Весной того года София отдыхала на Родосе. Однажды на закате на стенах островной крепости крестоносцев София завела разговор с другой туристкой, пожилой принцессой из афганской королевской семьи. Две пожилые женщины сразу же понравились друг другу и отправились в номер Софии в отеле, чтобы отобедать вместе. Принцесса направлялась на Ривьеру, но обещала заехать в Албанию в сентябре, на обратном пути, и привезти с собой младшего внука, чтобы Нубару было с кем играть.
Когда они приехали в замок, Нубару показалось, что афганский принц старше его больше чем на год. Махмуд был на голову выше, голос у него уже ломался, и на слабой груди уже росли волосы. Нубар, все еще безволосый и с высоким голосом, в смущении спрятался в дальних комнатах и отказался выйти поиграть с гостем.
В то время Нубар был очарован плохой албанской поэзией. Он познакомился с человеком по имени Арноти, молодым французом албанского происхождения, который показал ему потрепанный томик собственных стихов, проезжая через страну по пути в Александрию. Поэмы были большей частью жутко сентиментальны, но заворожили Нубара, и он начал писать стихи сам, подражая Арноти, втискивая в строки названия редких минералов и самоцветов. Этот стилистический прием Арноти изобрел, чтобы обыденные цвета показались неискушенному читателю экзотическими.

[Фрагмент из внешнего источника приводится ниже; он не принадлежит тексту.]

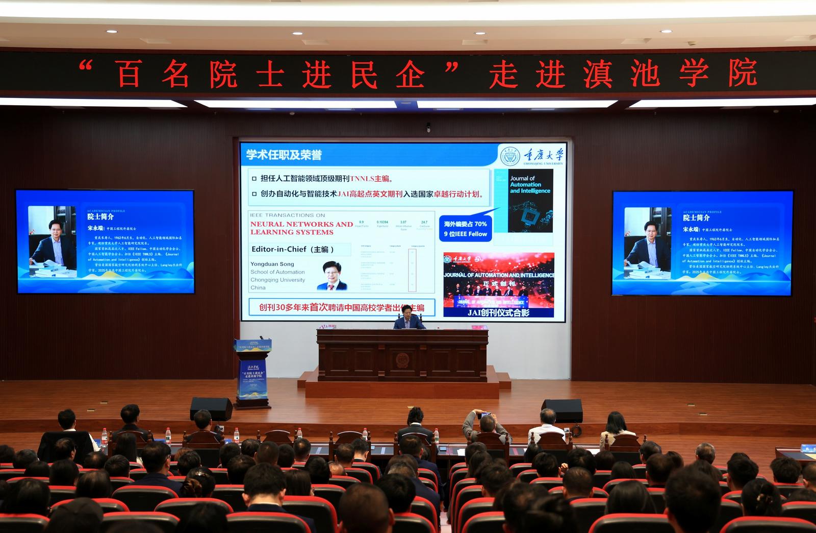 宋永端是自动化与人工智能领域的国际知名专家,在非线性控制等前沿方向取得多项突破性成果。专题报告环节,宋永端以《人工智能底层逻辑及发展趋势》为题,给与会嘉宾、师生带来目前人工智能、自动化行业内最前沿的发展方向、赋能产业的解读。今后将与滇池学院在学科建设、人才培养、科学研究等方面做深入交流探讨,寻找双方合作的共同点,促进学校的学科发展和人才培养水平。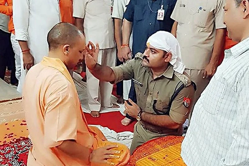 A police officer in Uttar Pradesh’s Gorakhpur whose photographs showed him kneeling down at the Chief Minister's feet with folded hands, said he did so to take the blessings of Peethadishwar Mahant Yogi Adityanath.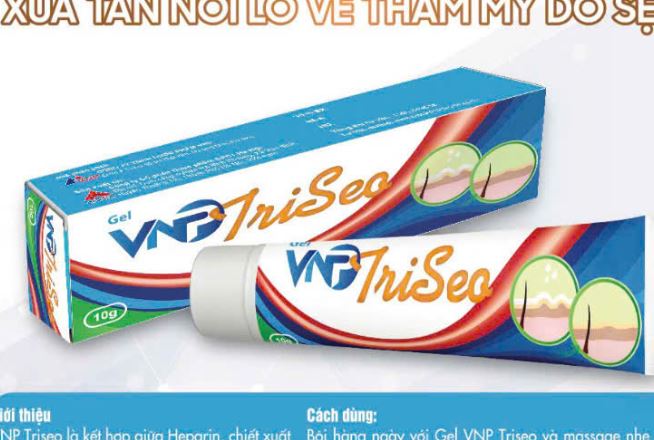 VNP TriSeo là gel bôi da dùng ngoài, hỗ trợ điều trị các vấn đề về da như viêm da kích ứng, mụn trứng cá nhẹ, hoặc vết thương nhiễm khuẩn nông. Sản phẩm được đóng gói trong tuýp 10g, thiết kế với tông màu xanh dương, đỏ và xanh lá nổi bật. Biểu tượng hình tròn màu xanh và vàng trên bao bì tạo ấn tượng về sự dịu nhẹ và bảo vệ da.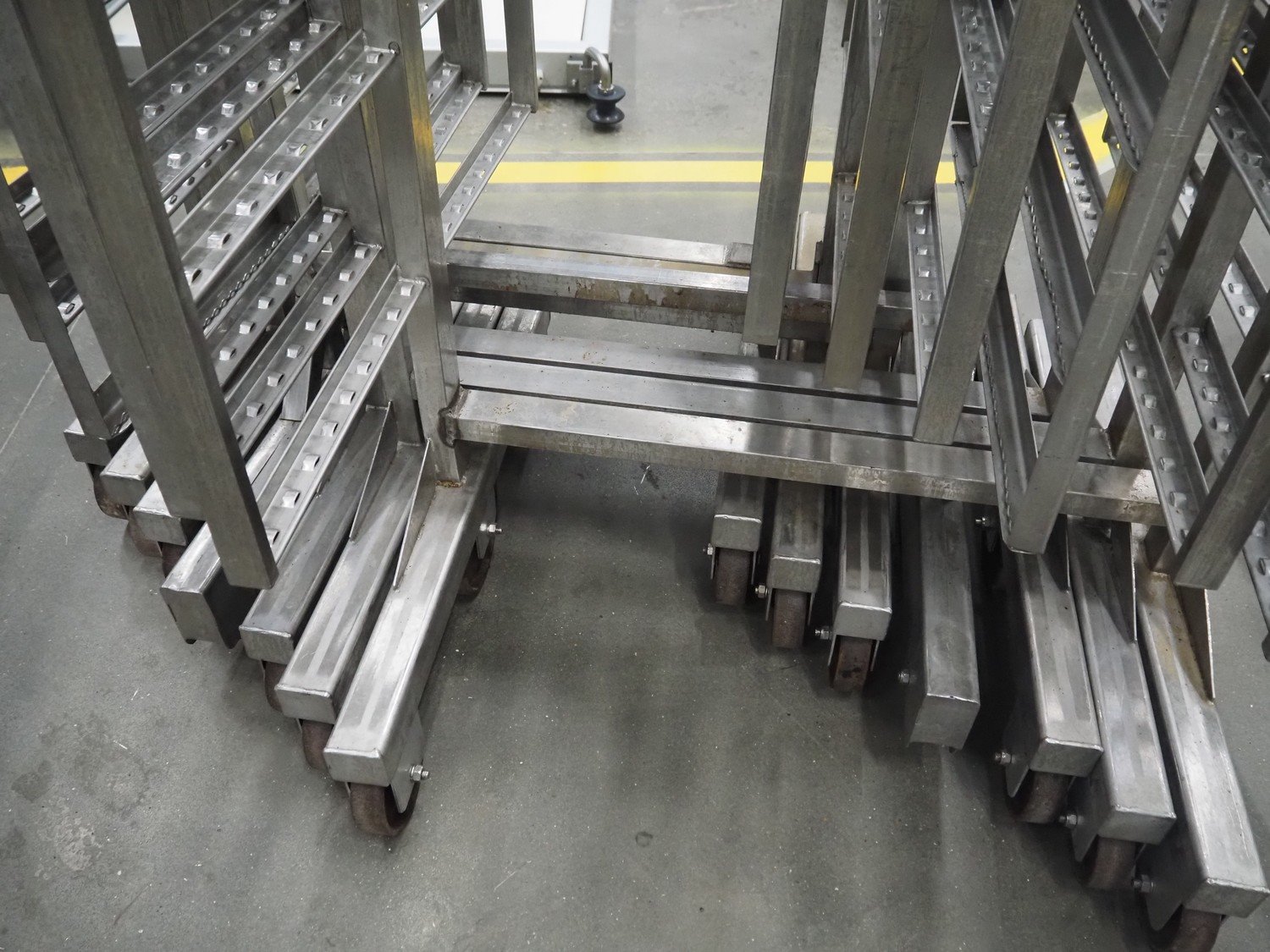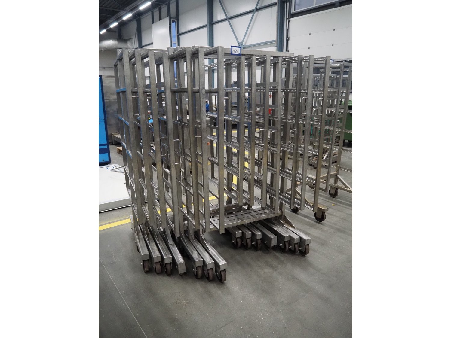 7 s/s smoke trolleys, 6 floors, dimensions each floor: 1010 mm x 1000 mm, total dimensions: (7x) 1020 mm x 1000 mm x 1980 mm.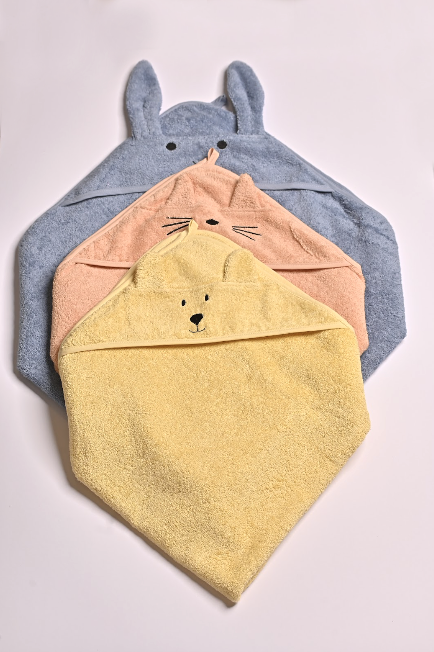 Introducing our delightful hooded towels – a whimsical touch to bath time, crafted with the pure softness of organic terry cotton. Our towels, bearing the GOTS certification, ensure freedom from harmful chemicals, providing a safe and natural embrace for your baby or toddler. This plush material boasts exceptional absorbency, swiftly and effectively drying your little one after each bath. With a generous size, it offers full coverage for an effortlessly cozy wrap. Explore a selection of fun and gender-neutral designs that bring excitement to your baby's bath time.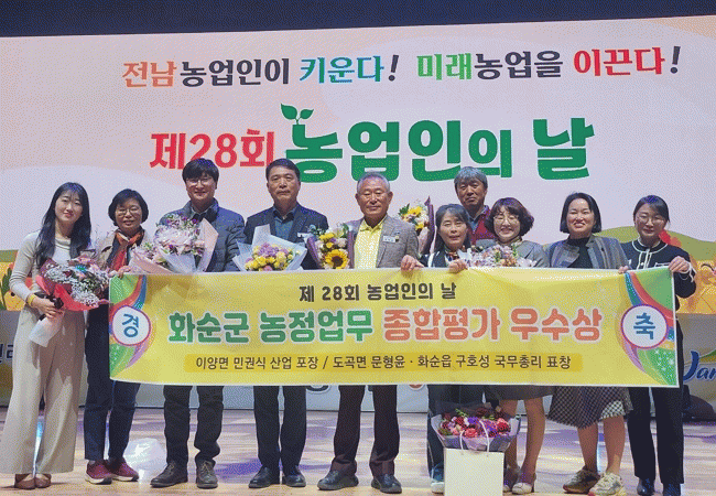 이날 기념식에서는 농업인의 날 기념 유공자 분야 수상도 같이 이뤄졌는데, 화순군 이양면 초방리농장 민권식 대표가 산업 포장을, 도곡파프리카영농조합법인 문형윤 대표, 쌀전업농화순군엽합회 구호성 회장이 각각 국무총리 표창의 영예를 안았다.
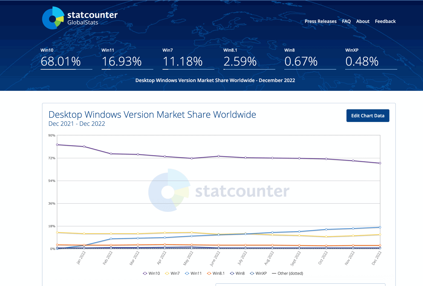 Что касается прогнозов на 2023 год, то Windows 11 должна продолжить свой медленный рост в течение года. Новая система незначительно выиграет от прекращения поддержки Windows 7 и Windows 8.1 в январе 2023 года, так как большинство старых ПК не поддерживают Windows 11. Поэтому этого будет недостаточно, чтобы значительно сократить разрыв с Windows 10.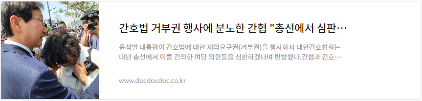 이런 말도 안 되는 행동을 저지른 그것도 국회에서 통과한 이 사안을 거부한 일에 대해서 대한간호협회는 대통령실 앞에서 기자회견을 가지고 간호법이 실현될 때까지 한 목소리를 낼 것이라고 하였였습니다.
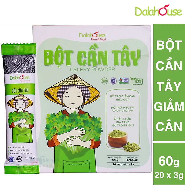 Bột cần tây hữu cơ nguyên chất sấy lạnh Dalahouse - Mẫu mới 2022 Hộp - Hỗ trợ giảm cân, cao huyết áp, ngăn chặn gia tăng mỡ trong máu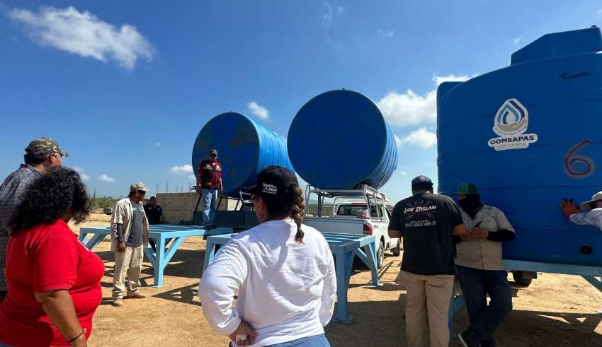 Los Cabos, B.C.S., viernes 29 de septiembre 2023.- A fin de cumplir la encomienda del presidente municipal Oscar Leggs Castro de llevar el vital líquido a todos los sectores sin distinción, el equipo del Organismo Operador del Sistema de Agua Potable, Alcantarillado y Saneamiento de Los Cabos dirigido por el ingeniero Ismael Rodríguez Piña realizó la instalación de los 8 tinacos comunitarios de 10 mil litros que se entregaron en la colonia Mezquites de Cabo San Lucas, mismos que serán abastecidos mediante pipas agua potable.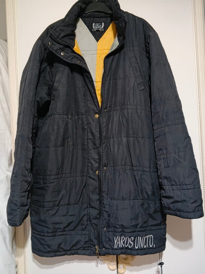 Sarı astarlı siyah midi erkek mont, geniş kesim, düğmeli ve uzun kollu. Notlu yaka ve sıcak tutan kumaştan, sokak stiline uygun. "YAROSUNTO." markalı. Almanyadan geldi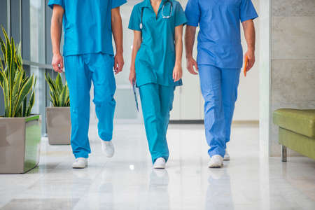 Doctors at work. Close up picture of three doctors walking in the corridor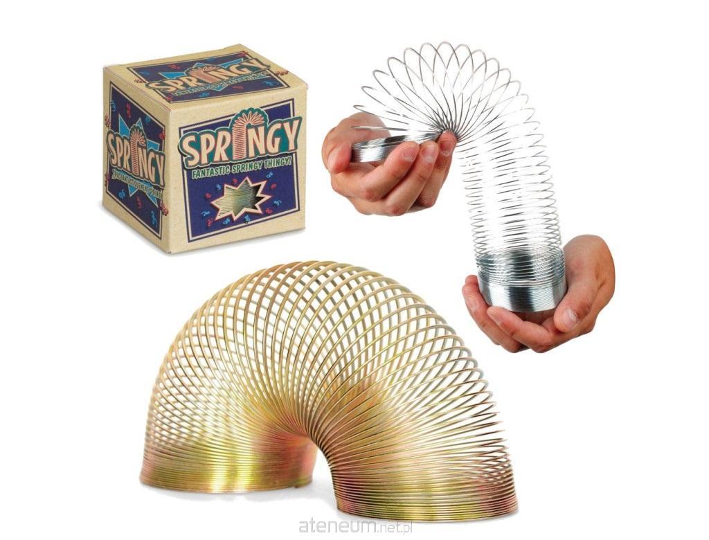 Standardowa, znana od wielu lat, sprężyna do zabawy, która w tym przypadku została wykonana z metalu. Jest ona cięższa niż klasyczne zabawki, a do tego wygląda bardziej elegancko poprzez połyskliwy kolor metaliczny. Sprężyną można bawić się w dłoniach jak i spuszczać ją po schodach. Średnica zabawki to 7cm.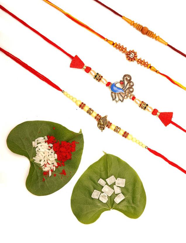 Ariana Designer RAKHI-IN-C16- PK-4 Assorted Rakhi, Chawal Roli Pack Set (4 Rakhi, 1 Roli chawal mishri)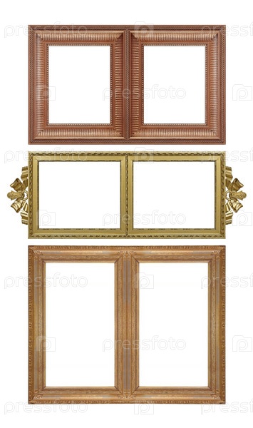 Набор двойных золотых рамок (диптих) для картин, зеркал или фотографий, изолированных на белом фоне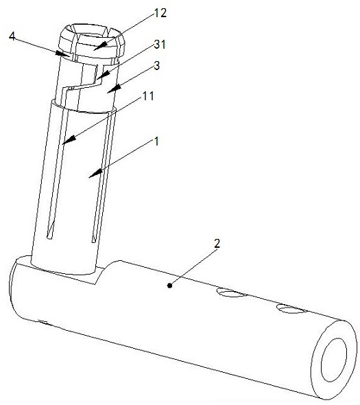 本实用新型公开了一种自带锁紧功能的焊接铜头,包括:铜头本体及铜头接线柱,铜头本体与铜头接线柱可拆卸式连接,铜头本体为空心圆柱开口结构,铜头本体上沿轴向间隔开设有多条水平凹槽,凹槽自铜头本体的开口端延伸至接近铜头本体的末端,铜头本体上端沿轴向铣出卡槽,卡槽内套设有弹性卡扣件,弹性卡扣件上开设有纵向截断整个弹性卡扣件的缺口。本实用新型的焊接铜头,通过弹簧钢卡扣或卡箍实现焊接铜头的伸缩的功能,大大提升铜头的使用寿命,并保证每次承插入位都是接触良好的,也大大提升了焊接成功率。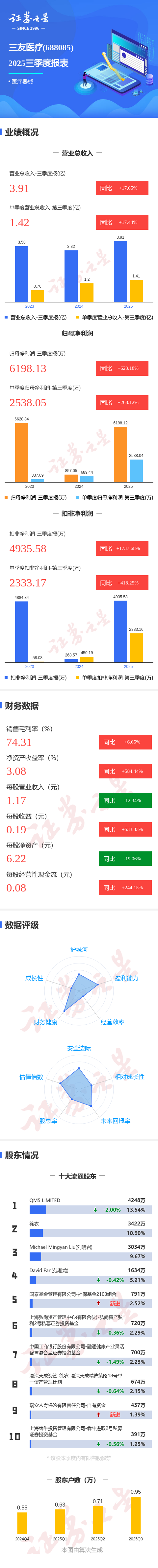 证券之星消息,三友医疗2025年三季报显示,公司主营收入3.91亿元,同比上升17.65%;归母净利润6198.13万元,同比上升623.19%;扣非净利润4935.58万元,同比上升1737.69%;其中2025年第三季度,公司单季度主营收入1.42亿元,同比上升17.44%;单季度归母净利润2538.05万元,同比上升268.13%;单季度扣非净利润2333.17万元,同比上升418.26%;负债率10.57%,投资收益-194.59万元,财务费用-874.59万元,毛利率74.31%。

Пропрятавшись несколько дней, Нубар наконец согласился показать Махмуду свои стихи. Махмуд сказал, что ему очень нравится. Мальчики начали хихикать, и вскоре они уже вместе задыхались на кушетке, пылко нашептывая друг другу о реальных и воображаемых приключениях с животными, предметами быта и слугами‑мужчинами.
Из всех историй Махмуда больше всего Нубара поразил рассказ о закрытой частной клинике недалеко от Кабула. Нубар никогда не лежал в больнице, и истории о мрачных мужчинах в белых халатах, которые то входили, то уходили со странными инструментами в руках, взволновали его.
Оказалось, что, когда Махмуду исполнилось одиннадцать, у него проявились признаки нервного расстройства. Он истерически смеялся в неподходящие моменты, а потом вдруг разражался беспричинными слезами. Были призваны афганские специалисты и вынесен вердикт – раннее слабоумие с возможными наслоениями пубертатной кататонии. Для интенсивного наблюдения была рекомендована психиатрическая лечебница на окраине Кабула.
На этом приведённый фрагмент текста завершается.